The default fileset will not traverse into NFS file systems, so it needs to be specified explicitly. Here we define a separate job for NFS paths. We set OneFS to true, since the default fstype list does not include nfs. Alternatively, if we want to recurse into other NFS filesystems, we could set fstype: ["nfs"]

bareos::client::filesets:
  nfs:
    onefs: true
    include_paths:
      - /srv/data

We add another job which uses the new fileset (the system job still uses the default fileset specified in the $bareos::default_jobdef)

bareos::client::jobs:
  system: {}
  nfs:
    fileset: "nfs"

Service address

When doing backup of a service which can run on more than one node, it is essential to set bareos::client::password to the same value on each of the nodes. It is also important that the job and fileset definitions agree across nodes, so it is best to put the configuration in a single Hiera file read by the relevant nodes.

Example:

bareos::client::password: common-secret

bareos::client::jobs:
  system:
    fileset: without_archive
  archive_service:
    client_name: archive.example.com
    fileset_name: archive

bareos::client::filesets:
  without_archive:
    client_name: archive.example.com
    include_paths:
      - /
    exclude_paths:
      - /srv/archive
  archive:
    client_name: archive.example.com
    include_paths:
      - /srv/archive

bareos::client::service_addr:
  archive.example.com: {}

This will make one job "${fqdn}-system-job" for each node using this configuration, and one job "archive.example.com-archive_service-job". The latter job will run on the extra client, "archive.example.com". (The name must resolve in DNS, otherwise specify "address".)

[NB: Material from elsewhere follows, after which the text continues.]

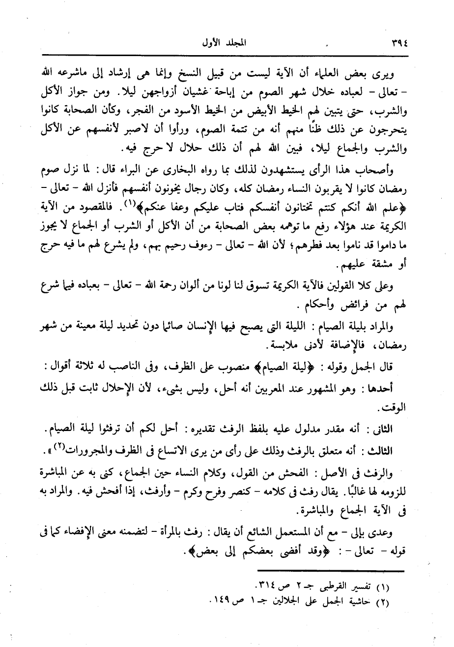 (2) حاشية الجمل على الجلالين ج 1 ص 149.
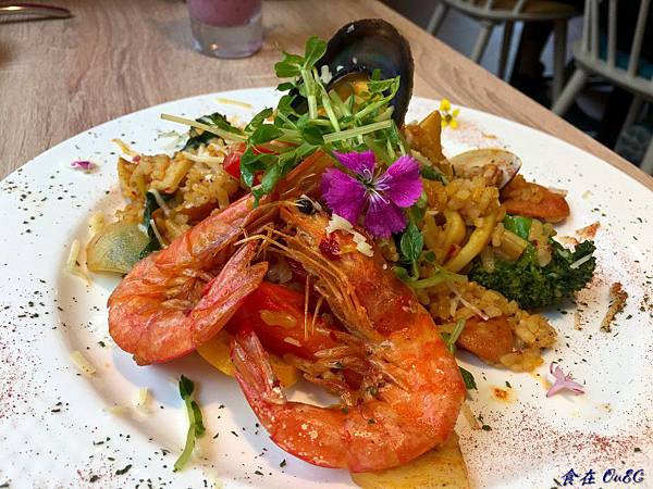 不僅有滿滿的海鮮(大蝦、花枝、淡菜及蛤蜊)

It will declare one fileset, "archive.example.com-without_archive", which all the "${fqdn}-system-job" jobs use. If the fileset didn't specify "client_name", each node would declare its own copy of the fileset called "${fqdn}-without_archive". This would work fine, but it is always good to avoid duplication.

Finally, it will declare one fileset "archive.example.com-archive", which the "archive.example.com-archive_service-job" uses.